The name changes are just one of the ways that Walmart has adjusted to local markets, where the key to success is adapting to the local culture, customs and style of retail. Walmart International has at least nine different store formats they use worldwide which include clothing only stores, supercenters, business-to-business wholesalers and smaller convenience-like stores. By adjusting its store types, the company has been able to tap into local shopping patterns, taking the lessons learned in one country to the next.
Effective adaptation to local markets can also be said of Costco’s moves into Mexico, the UK, and Japan, or Britain-based Tesco’s success throughout Asia where it had a growth rate of 18 percent in 2011 (compared to 5.6 percent in Europe). More and more retailers are finding the benefits of gaining footholds in Asian markets — definitely a trend to follow if you are considering global expansion.

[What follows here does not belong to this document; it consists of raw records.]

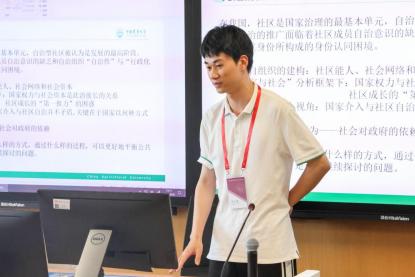 城市社会治理分论坛由中国人民大学硕士生李天浩主持,华东理工大学本科生赵培涵、中国农业大学本科生周文泰、华中科技大学本科生周明喆、中央民族大学本科生魏子彦、西安交通大学本科生朱国豪做论文分享,北京工业大学文法学部李阳老师评议。
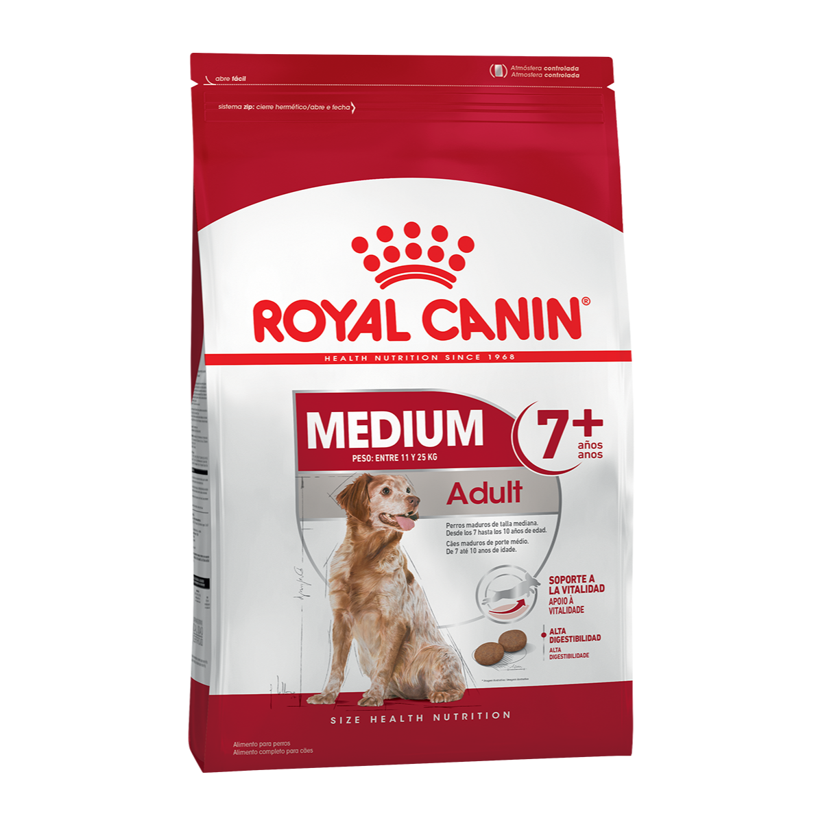 Royal Canin Medium Adulto 7+ contribuye a mantener la vitalidad, ayuda a promover una óptima digestibilidad, a mantener saludable la piel y el pelaje y a reducir la formación de sarro.
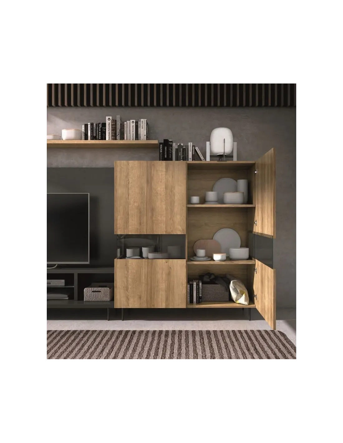 Estos muebles de salón comedor de tendencia tienen la máxima calidad de fabricación, con detenimiento en los detalles, y están fabricados en España cumpliendo la normativa medio ambiental Europea.

While factors like store types or location choices (consider Target’s decisions as it prepares to open at least 125 stores in Canada in 2013) are important for international business, another key component is smart language translation. From marketing messages localized for your new markets to employee training (including multimedia localization) and even social media monitoring, work with a trusted translation agency to make sure that your company connects your new customers and employees in the best way possible. After all, you only have one chance to make a first impression when expanding your business overseas.